All the world here was a reflection. Sky writhing in the river, green light pinging off leaf and blade, me alone on the riverbank staring inward at my years-long journey. A cool draft from the Cairngorm Mountains pounced on the River Dee, redolent with the scents of chlorophyll, wet stone, and snow. The river was narrow and jogging to the east as it gurgled and shushed to itself. Behind me the Queen’s Road, named for Queen Victoria, mirrored the Dee as I stood in the grass between them. Down the road, a group of old men in crisp fishing gear moved their mouths in a small cottage. Then, a millisecond after I snapped this photo, a silver salmon glittered in the sun as it arced through the air.
This scene stalled me on the 4-hour drive from the western Cairngorms to Stonehaven on the sea. I was running to pick up Sarah, but to where was the Dee running? Or from what did it run?

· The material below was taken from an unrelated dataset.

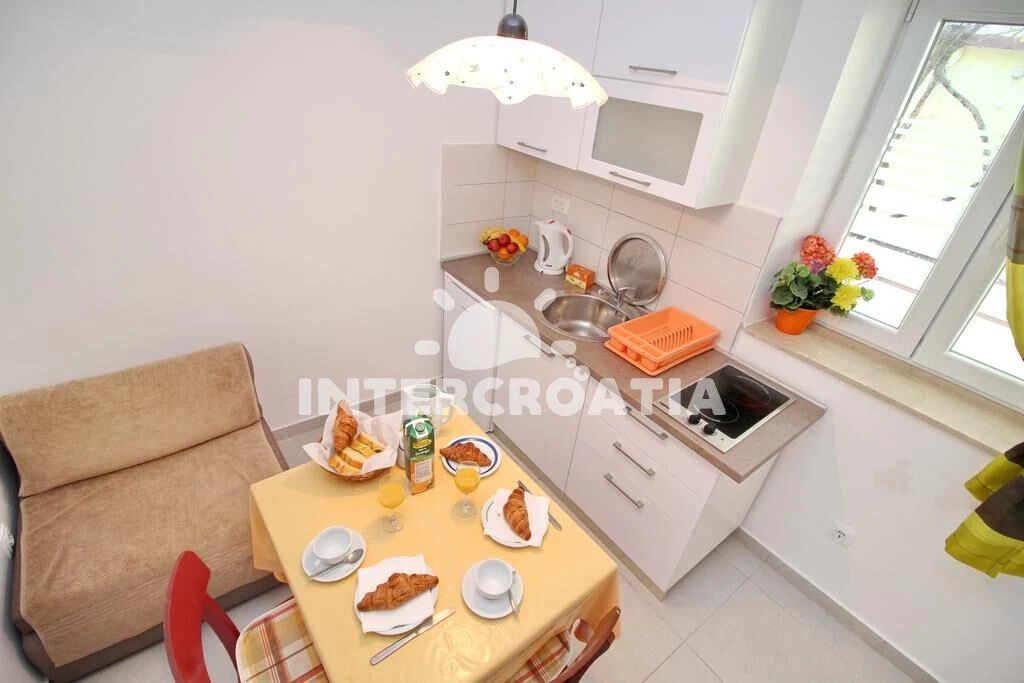 Vzdálenosti: Moře 5 m, pláž 5 m (betonové desky), veřejná doprava 10 m, restaurace 20 m, bar 20 m, supermarket 50 m, centrum 50 m, půjčovna motorových člunů 7 km, trajekt (Sobra) 12 km, půjčovna kol 12 km, čerpací stanice 12 km, směnárna 20 km, pošta 20 km, lékárna 20 km, ambulance 20 km, potápění 60 km, park Plitvice 60 km,
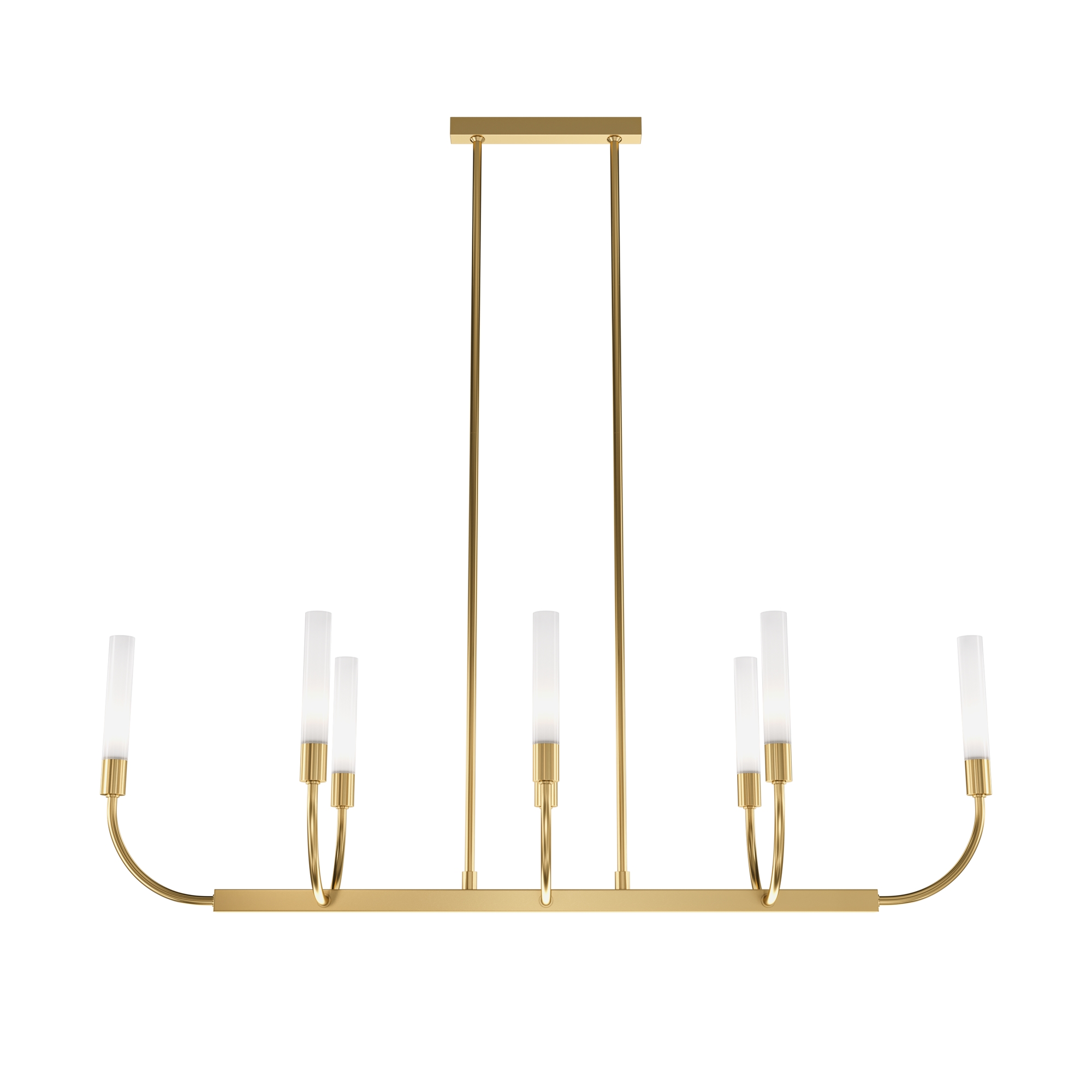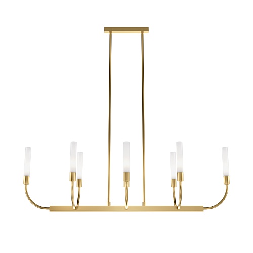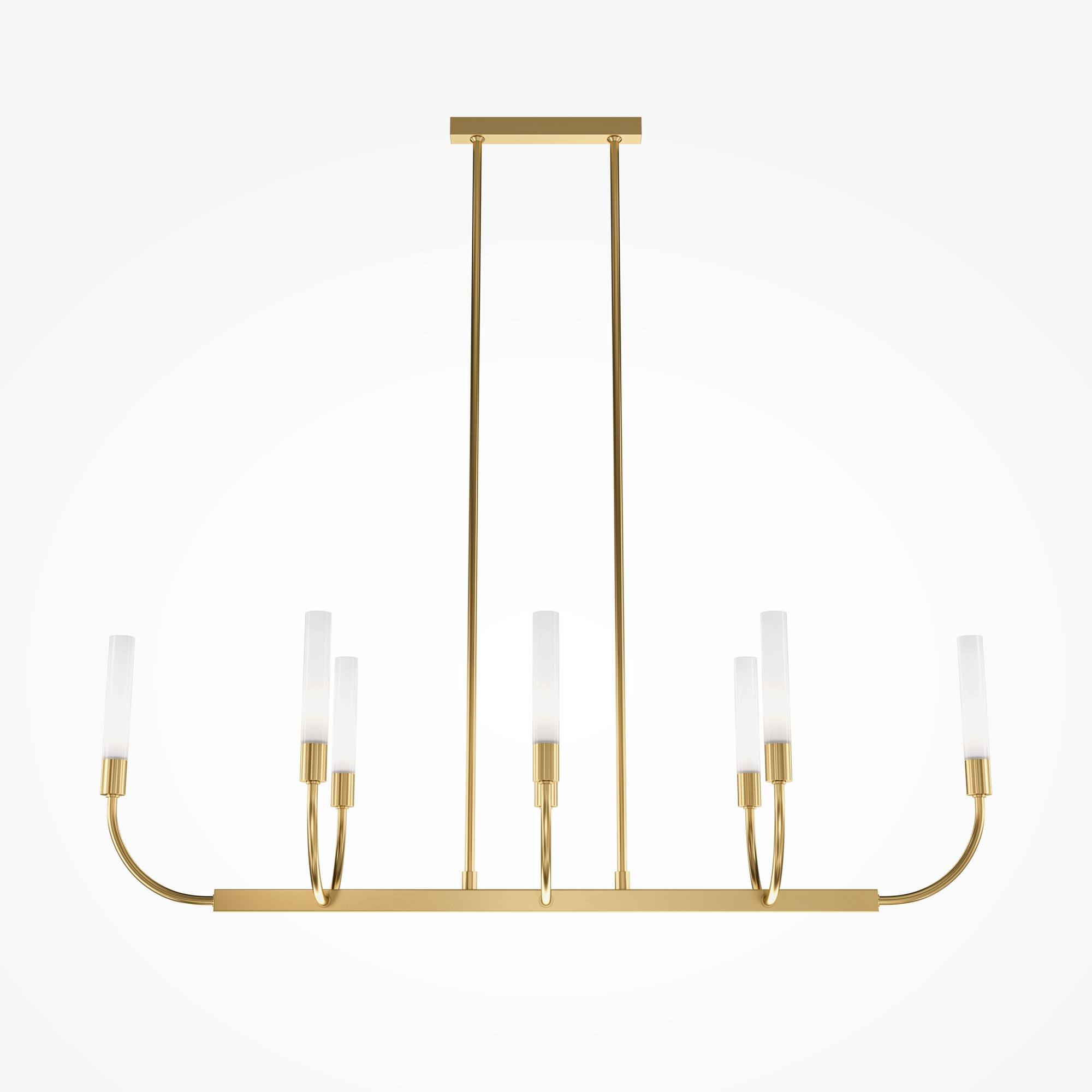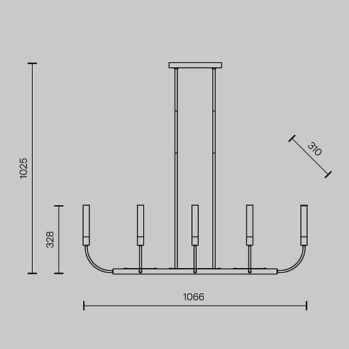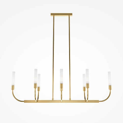 Металлическая арматура. Цвет — латунь. Плафоны-цилиндры — матовое стекло. Трендовый арочный силуэт. В качестве источников света используются лампы с цоколем G9.

I sat in the spongy grass and cast a smooth stone into the current; a soft plop returned in answer. It was foolishness, of course. Rivers don’t run toward anything, just as trees don’t grow up toward anything. They just run, grow, stretch, reach, flow. Nature is the absence of strategy, agenda, and the little negations that suffuse people. What was I running from? Fear? Loneliness? The world outside the lines? I peeled myself off the banks of the Dee imprinted with a new aspiration, like silly putty mashed into the evening newspaper: To run. To run for the simple act of running.
This brought a smile to my face as I sip my morning coffee. It’s so true– everything in nature does what it does without an agenda or strategy. If only we people could live more for the sake of living instead of always analyzing, plotting… especially since we have so little control over things eventually play out. I try to live in the moment every day, but this inspired me to do so even more today. Thank you!
Glad I could share the feeling. Thanks for the thoughts, Jenna.
What a lovely simple and pure message.